# Hydraulic Disc Brake questions



## Chess (21 Apr 2017)

Hi all.
Wanting to upgrade my pads (worn already) and am looking for advice and links/recommendations from you more experienced fellows.

Also can anyone advise me on the correct "Bedding in" procedure as I've heard of this but information seems varied and I'm not sure of the correct method.

The bike:- Carerra Vulcan E.
Brakes:- Hydraulic Disc. Brake Brand/model, not sure as they are not specifically noted in the specs/or handbook. Suspect they are lower end Tektro or Clark's, but theirs no label on them which I find unusual ? Anyone know what they are ?

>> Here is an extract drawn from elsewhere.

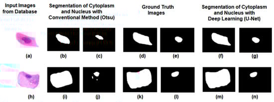 Table 2 clearly shows that intermediate squamous cells perform better segmentation compared to the other five types of cells. The Otsu method is an image thresholding technique that finds the optimal intensity value to separate foreground and background regions in a grayscale image. It calculates the threshold that maximizes the variance between the two classes, allowing for automatic image segmentation. From the above results, it is evident that the conventional Otsu method struggles to accurately segment the cytoplasm and nucleus, as depicted in Figure 10. In contrast, the U-Net approach yields improved results, with better preservation of both cytoplasm and nucleus boundaries. These observations suggest that U-Net outperforms the Otsu approach in preserving the boundaries of the cytoplasm and nucleus.
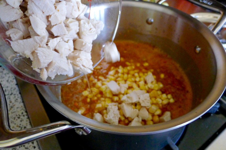 I poured the pureed veggies into a soup pot to simmer for a bit. I was excited to use this All Clad 4-quart pot. It’s the perfect size for making a small-ish batch of soup! When the soup had simmered a bit, I added chopped poached chicken and frozen corn. I let it cook for a little longer while I prepped a few toppings, like avocado chunks and chopped cilantro.

Recommendations and links to the best pads would be greatly appreciated.
Thanks in advance for the help, and hope you all have a good weekend.

Cheers.
Chess... .


----------



## Yellow Saddle (21 Apr 2017)

https://www.cyclechat.net/threads/another-noisy-disc-brake-thread.200324/


----------



## Chess (21 Apr 2017)

Hi Yellow Saddle.
Thanks for that link. An excellent comprehensive thread.
Still not sure which replacement pads to get for improved performance. What do you recommend ?
If it helps, here's a PIC of my existing ones, they measure 32x16mm.
Cheers.


----------



## Klassikbike (27 Apr 2017)

One of the following 4 from Shimano should fit:
G04Ti (Metal)
G04S (Metal)
G02A (Resin)
G02S (Resin)

In general Metal:
Can be noisier when wet, more durable, strong braking performance when hot

Resin: 
Stronger more aggressive bite, less durable, less noisy when wet.


----------



## Yellow Saddle (27 Apr 2017)

Chess said:


> Hi Yellow Saddle.
> Thanks for that link. An excellent comprehensive thread.
> Still not sure which replacement pads to get for improved performance. What do you recommend ?
> If it helps, here's a PIC of my existing ones, they measure 32x16mm.
> ...



Sorry Chess, I overlooked this post of yours for some reason. Klassikbike posted examples of Shimano pads that will fit. However, I can't answer your questions. I need to know what discs you have and what sort of performance are you expecting to improve? I.e. what sort of riding are you doing and how does present performance lack?


----------